TAOCP 2.3.4.1 Exercise 6

Section 2.3.4.1: Free Trees

Exercise 6. [**] $$M27$$ Suppose a graph has $n$ vertices $V_1,\ldots,V_n$ and $m$ edges $e_1,\ldots,e_m$. Each edge $e$ is represented by a pair of integers $(a,b)$ if it joins $V_a$ to $V_b$. Design an algorithm that takes the input pairs $(a_1,b_1),\ldots,(a_m,b_m)$ and prints out a subset of edges that forms a free tree; the algorithm reports failure if this is impossible. Strive for an efficient algorithm.

Verified: yes
Solve time: 37s

Process the edges one at a time, maintaining a set of connected components of the vertices already joined by the selected edges. Initially each vertex forms a component by itself, and no edge has been selected. When the edge $(a_i,b_i)$ is examined, determine whether $V_{a_i}$ and $V_{b_i}$ lie in different components. If they do, print $e_i$ and merge the two components; if they lie in the same component, discard $e_i$. After all $m$ edges have been processed, report failure if more than one component remains.

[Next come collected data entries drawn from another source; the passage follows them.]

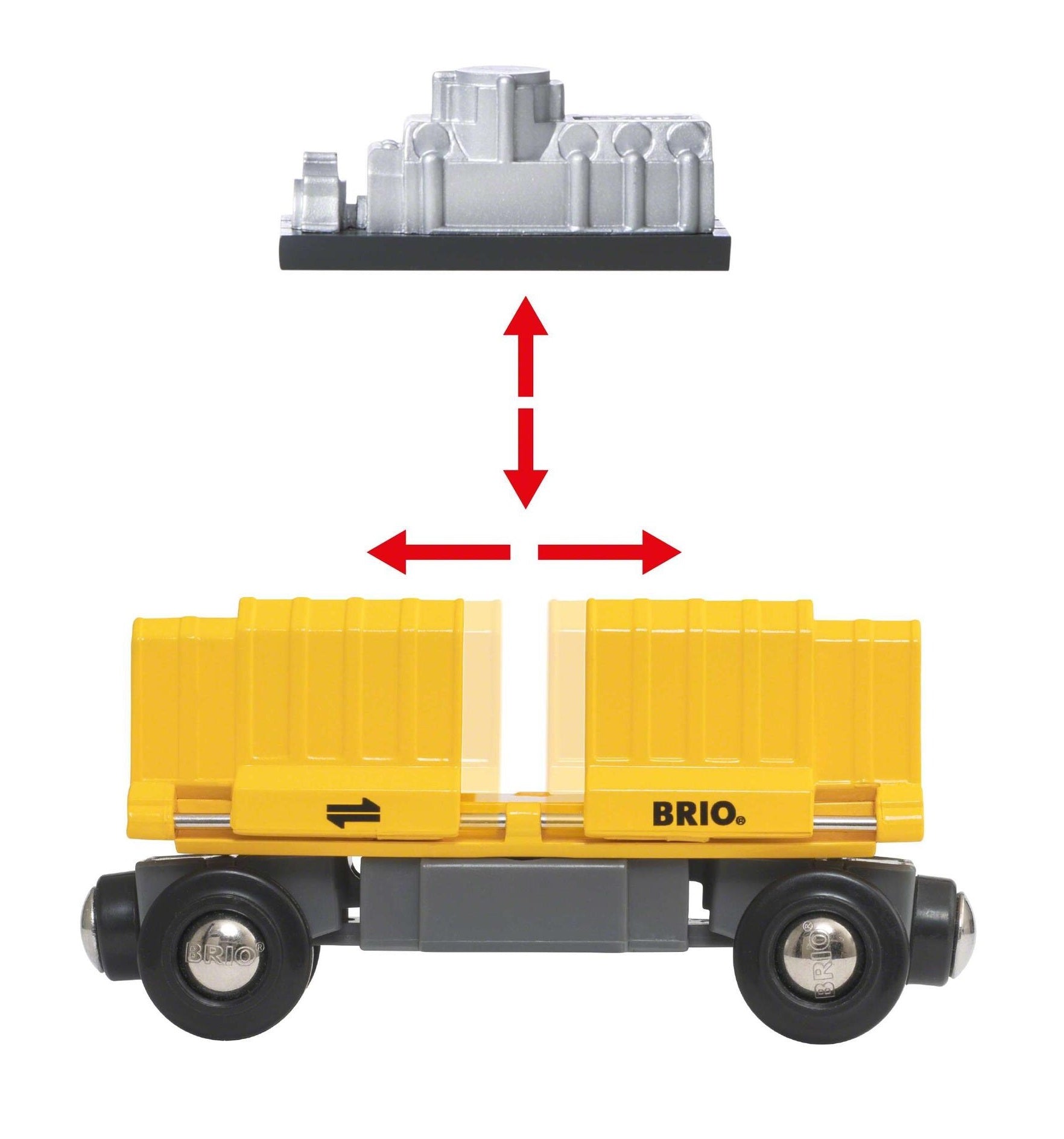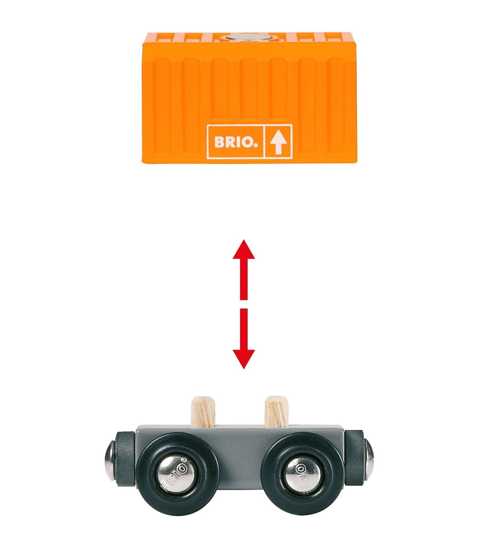 Der Güterzug verfügt über Magnetverbindungen, dank denen er mit anderen Fahrzeugen und BRIO-Waggons verbunden werden kann.
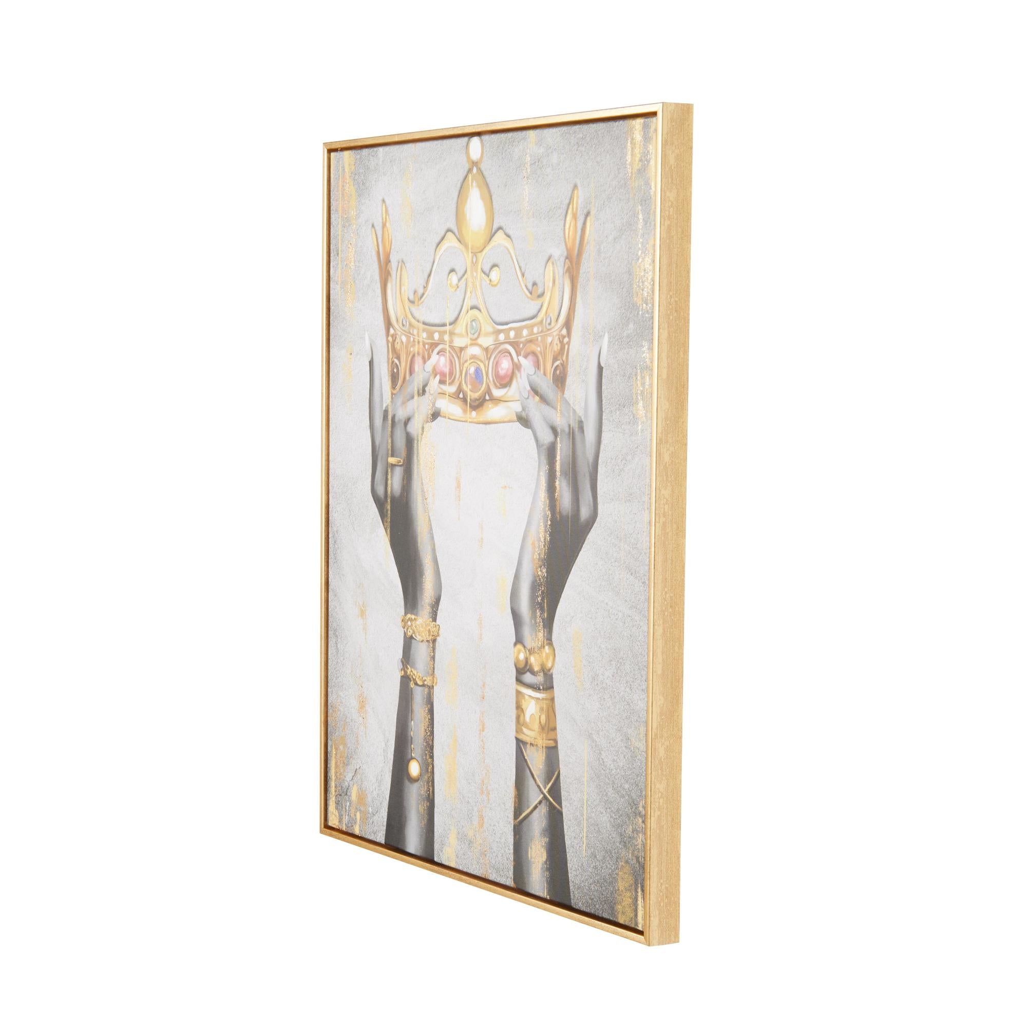 Crown Gold Canvas Living Room Framed Wall Art with Shaded Hands and Metallic Foil Accents
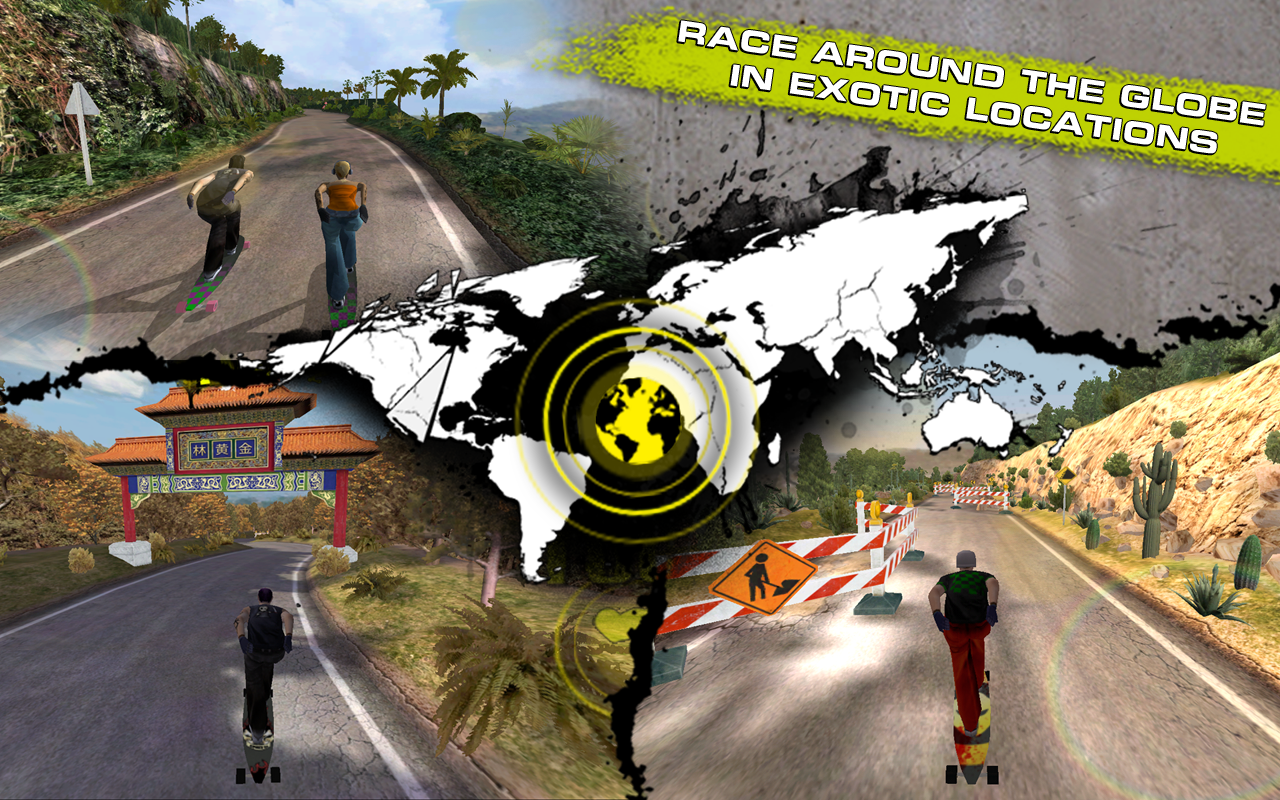 Robek melewati kompetisi pada naik sengit ke garis finish terlebih dahulu longboard game balap Dunia, Downhill Xtreme!
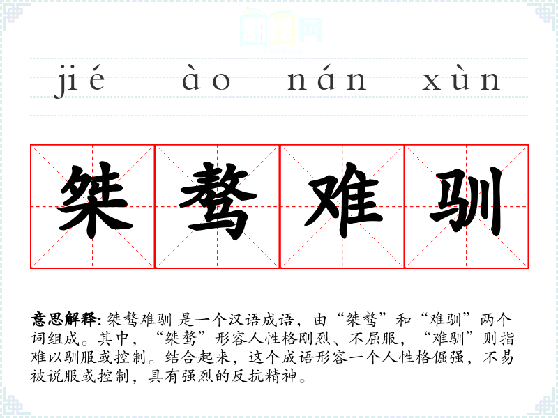 桀骜难驯 是一个汉语成语,由“桀骜”和“难驯”两个词组成。其中,“桀骜”形容人性格刚烈、不屈服,“难驯”则指难以驯服或控制。结合起来,这个成语形容一个人性格倔强,不易被说服或控制,具有强烈的反抗精神。
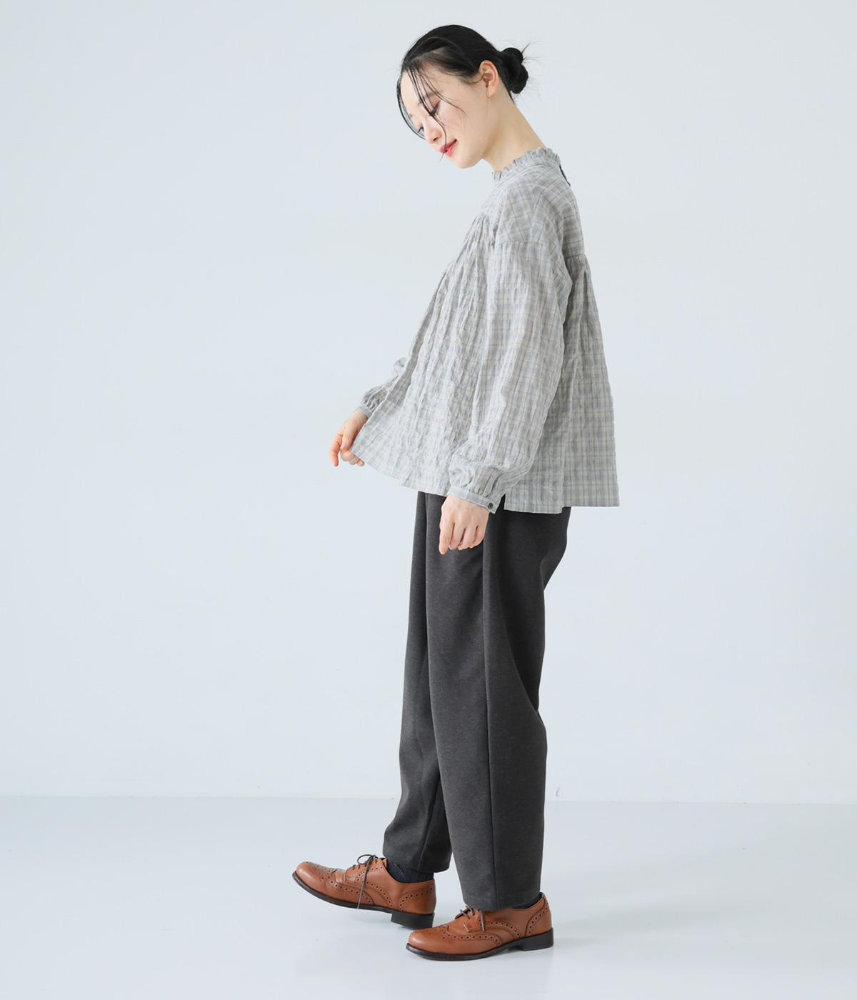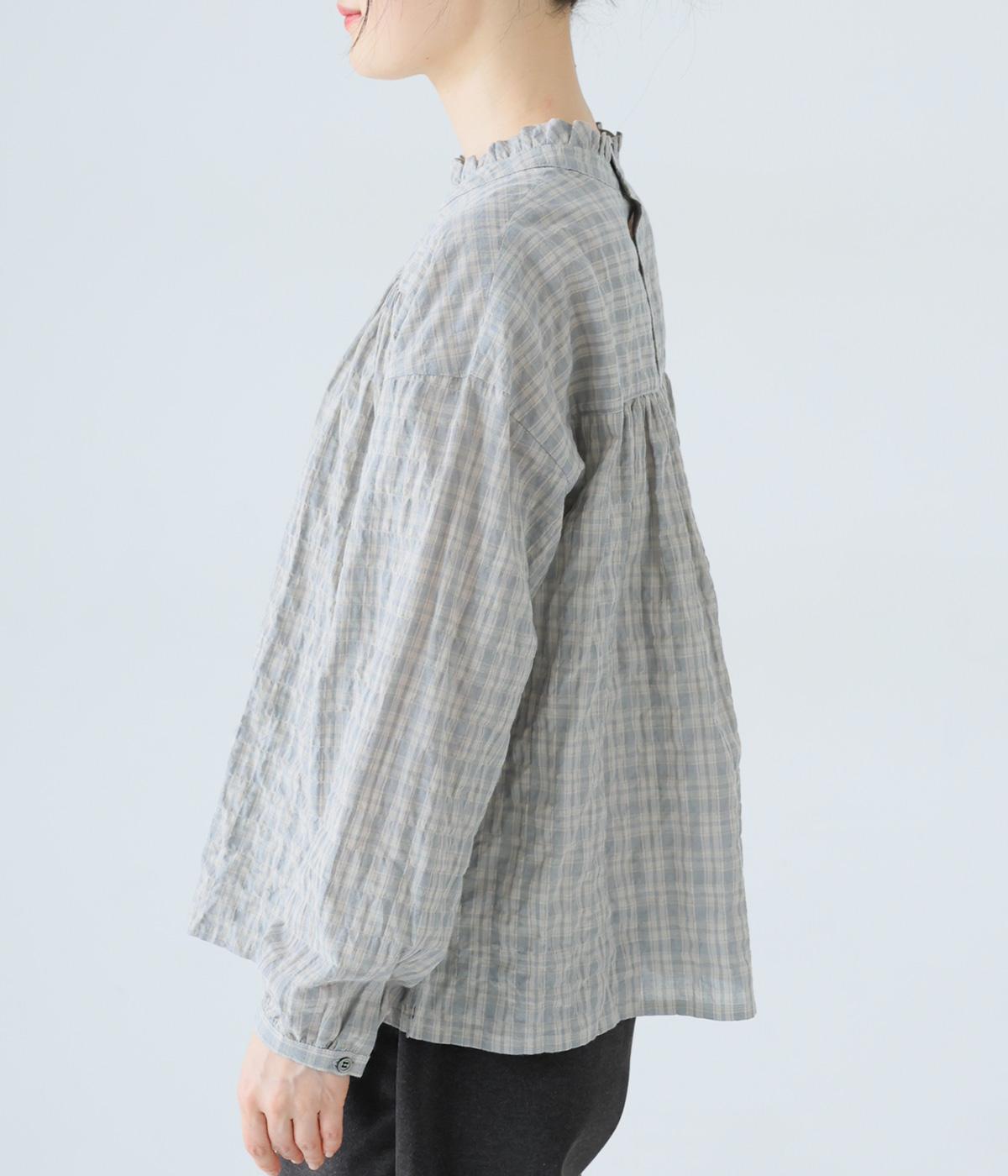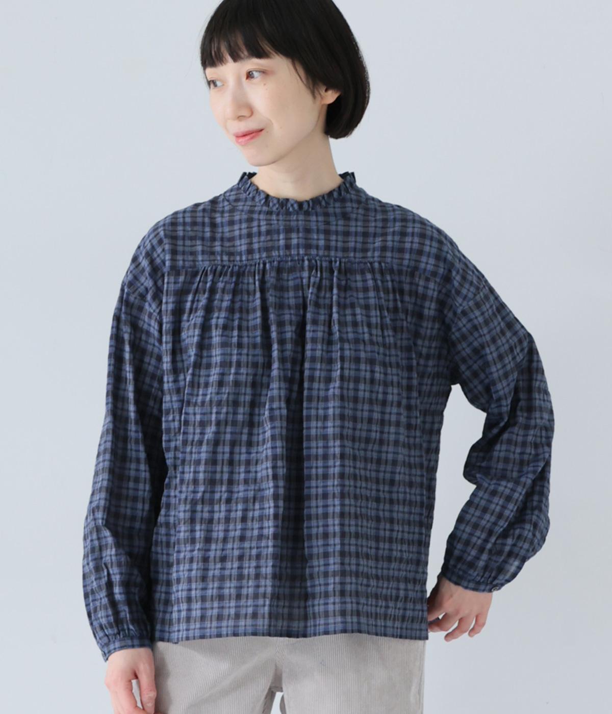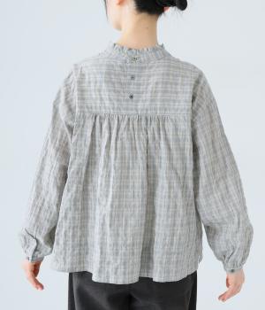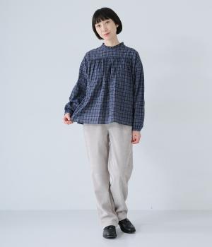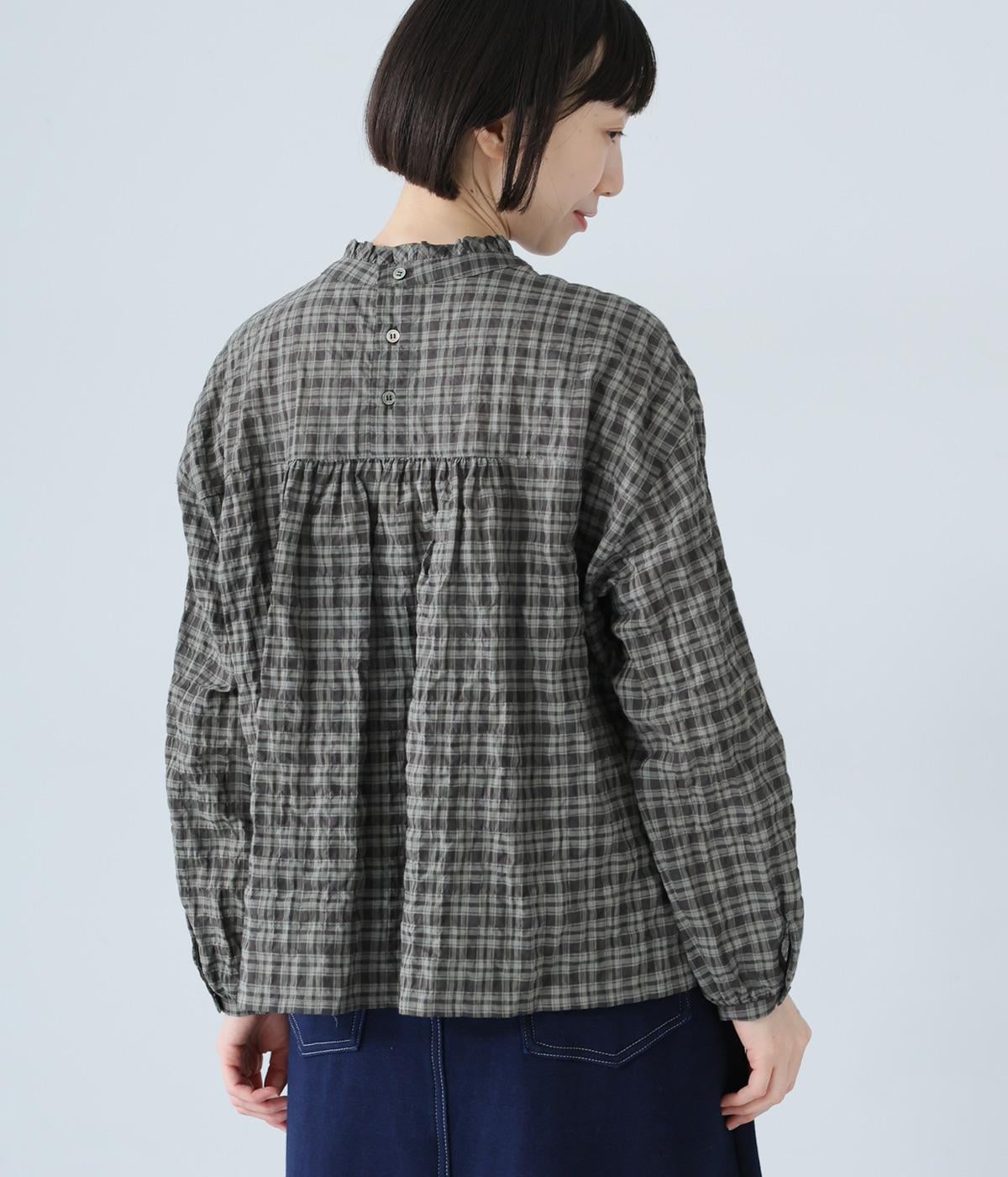 クシュっとした薄手のシャーリング生地にチェック柄をあしらいました。コットンならではの軽やかさと通気性の高さを存分に味わえる生地感です。

The selected edges contain no cycle. Indeed, if an edge joins two vertices already in the same component, there is already a path between them, so adding that edge would create a cycle; such edges are discarded. Conversely, every printed edge joins two previously distinct components, so no cycle is introduced. If the algorithm terminates with a single component, the printed edges form a connected graph with no cycles, hence a free tree by Theorem A(a). Since each printed edge reduces the number of components by $1$, starting from $n$ components and ending with $1$, exactly $n-1$ edges are printed. If the algorithm terminates with more than one component, the original graph is disconnected, therefore no free tree spanning all vertices can exist.

For efficiency, represent the components by the union-find method. Then each edge requires two FIND operations and, when selected, one UNION operation, giving a running time essentially proportional to $m$. The storage requirement is proportional to $n$.